Task to complete: Please repeat each line from the one holding "Bej renkte keten" through the final line of the data, exactly as it stands, with no pictures.
──────── Given material ────────
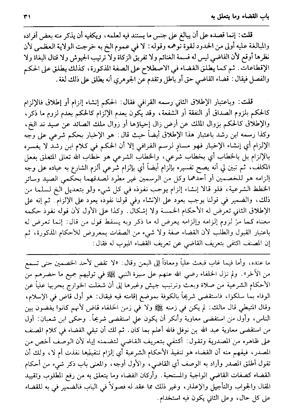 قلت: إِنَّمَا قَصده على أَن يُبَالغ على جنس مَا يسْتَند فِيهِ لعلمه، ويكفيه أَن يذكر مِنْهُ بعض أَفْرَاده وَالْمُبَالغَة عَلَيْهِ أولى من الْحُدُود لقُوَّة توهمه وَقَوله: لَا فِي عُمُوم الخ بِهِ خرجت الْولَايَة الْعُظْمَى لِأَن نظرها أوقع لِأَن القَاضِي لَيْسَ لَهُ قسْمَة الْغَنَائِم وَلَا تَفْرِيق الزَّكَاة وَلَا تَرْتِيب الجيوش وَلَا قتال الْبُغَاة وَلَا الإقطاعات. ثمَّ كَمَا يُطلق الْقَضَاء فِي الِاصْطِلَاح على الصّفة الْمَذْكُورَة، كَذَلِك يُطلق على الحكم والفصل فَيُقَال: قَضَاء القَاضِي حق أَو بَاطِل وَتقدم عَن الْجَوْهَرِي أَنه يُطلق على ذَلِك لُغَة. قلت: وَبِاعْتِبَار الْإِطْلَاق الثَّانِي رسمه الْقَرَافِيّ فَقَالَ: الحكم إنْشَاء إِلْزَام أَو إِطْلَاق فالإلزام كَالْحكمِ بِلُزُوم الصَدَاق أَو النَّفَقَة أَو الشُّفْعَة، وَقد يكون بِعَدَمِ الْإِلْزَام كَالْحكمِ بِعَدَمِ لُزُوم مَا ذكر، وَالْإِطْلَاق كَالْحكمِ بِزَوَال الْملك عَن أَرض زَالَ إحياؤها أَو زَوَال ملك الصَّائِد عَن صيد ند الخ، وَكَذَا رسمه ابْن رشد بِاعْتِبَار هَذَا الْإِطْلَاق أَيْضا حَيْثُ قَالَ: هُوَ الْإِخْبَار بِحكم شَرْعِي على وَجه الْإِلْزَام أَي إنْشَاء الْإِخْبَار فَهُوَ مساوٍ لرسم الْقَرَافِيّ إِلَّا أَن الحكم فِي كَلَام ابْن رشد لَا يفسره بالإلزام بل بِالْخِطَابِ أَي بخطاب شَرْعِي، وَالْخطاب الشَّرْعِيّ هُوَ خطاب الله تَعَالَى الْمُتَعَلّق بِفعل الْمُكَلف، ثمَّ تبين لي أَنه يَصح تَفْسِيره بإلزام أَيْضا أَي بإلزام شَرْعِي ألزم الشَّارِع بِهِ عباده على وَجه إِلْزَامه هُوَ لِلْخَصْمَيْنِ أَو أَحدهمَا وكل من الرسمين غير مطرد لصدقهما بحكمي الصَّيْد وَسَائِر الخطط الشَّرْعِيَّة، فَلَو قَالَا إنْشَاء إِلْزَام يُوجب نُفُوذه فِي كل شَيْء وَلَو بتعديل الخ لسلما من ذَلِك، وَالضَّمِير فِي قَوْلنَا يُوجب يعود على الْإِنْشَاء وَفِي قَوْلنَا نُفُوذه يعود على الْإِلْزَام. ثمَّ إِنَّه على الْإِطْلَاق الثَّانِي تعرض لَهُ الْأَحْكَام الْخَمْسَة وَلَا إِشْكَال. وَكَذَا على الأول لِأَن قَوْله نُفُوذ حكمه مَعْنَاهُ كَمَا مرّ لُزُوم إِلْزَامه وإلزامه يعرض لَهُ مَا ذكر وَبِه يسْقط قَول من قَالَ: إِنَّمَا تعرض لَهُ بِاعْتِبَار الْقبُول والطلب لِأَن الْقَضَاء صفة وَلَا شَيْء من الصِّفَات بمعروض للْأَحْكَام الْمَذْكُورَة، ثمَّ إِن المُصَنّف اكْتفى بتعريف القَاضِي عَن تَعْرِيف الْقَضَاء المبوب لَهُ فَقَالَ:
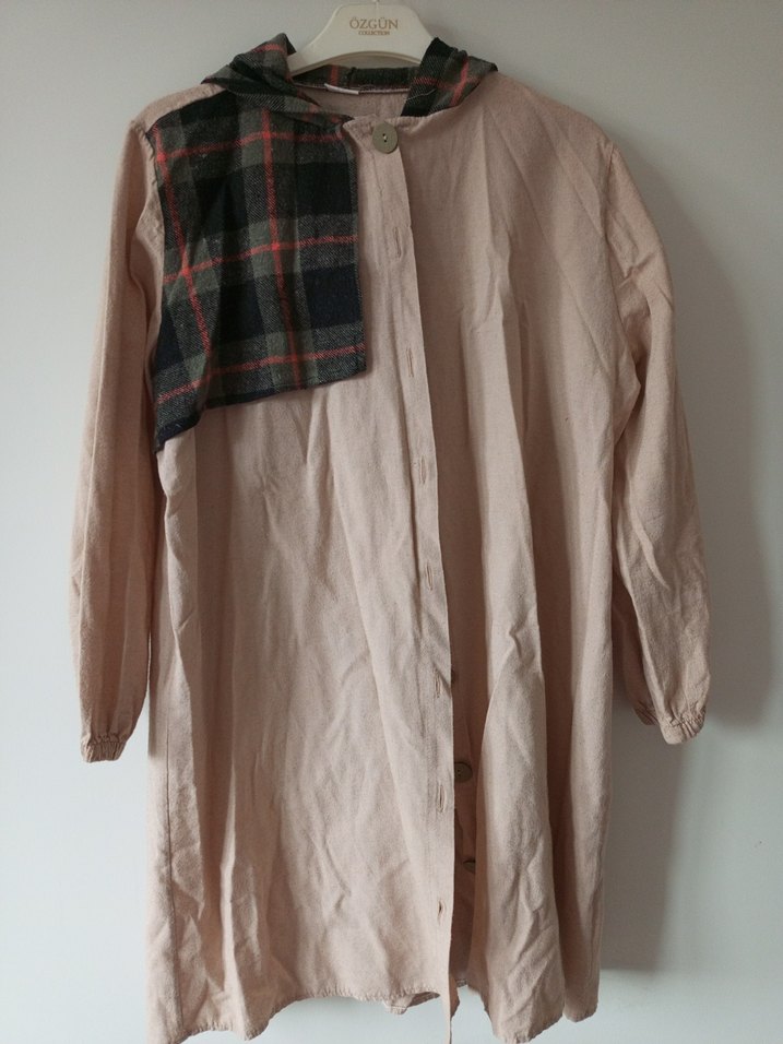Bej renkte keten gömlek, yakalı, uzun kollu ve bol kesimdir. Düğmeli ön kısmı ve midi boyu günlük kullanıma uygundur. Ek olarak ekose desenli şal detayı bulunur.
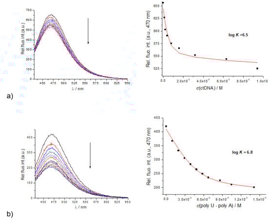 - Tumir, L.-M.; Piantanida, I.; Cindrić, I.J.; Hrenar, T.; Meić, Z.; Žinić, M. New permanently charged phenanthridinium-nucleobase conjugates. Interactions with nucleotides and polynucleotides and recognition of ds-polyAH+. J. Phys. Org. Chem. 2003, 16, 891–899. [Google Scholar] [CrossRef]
────────
Written answer:
Bej renkte keten gömlek, yakalı, uzun kollu ve bol kesimdir. Düğmeli ön kısmı ve midi boyu günlük kullanıma uygundur. Ek olarak ekose desenli şal detayı bulunur.
 - Tumir, L.-M.; Piantanida, I.; Cindrić, I.J.; Hrenar, T.; Meić, Z.; Žinić, M. New permanently charged phenanthridinium-nucleobase conjugates. Interactions with nucleotides and polynucleotides and recognition of ds-polyAH+. J. Phys. Org. Chem. 2003, 16, 891–899. [Google Scholar] [CrossRef]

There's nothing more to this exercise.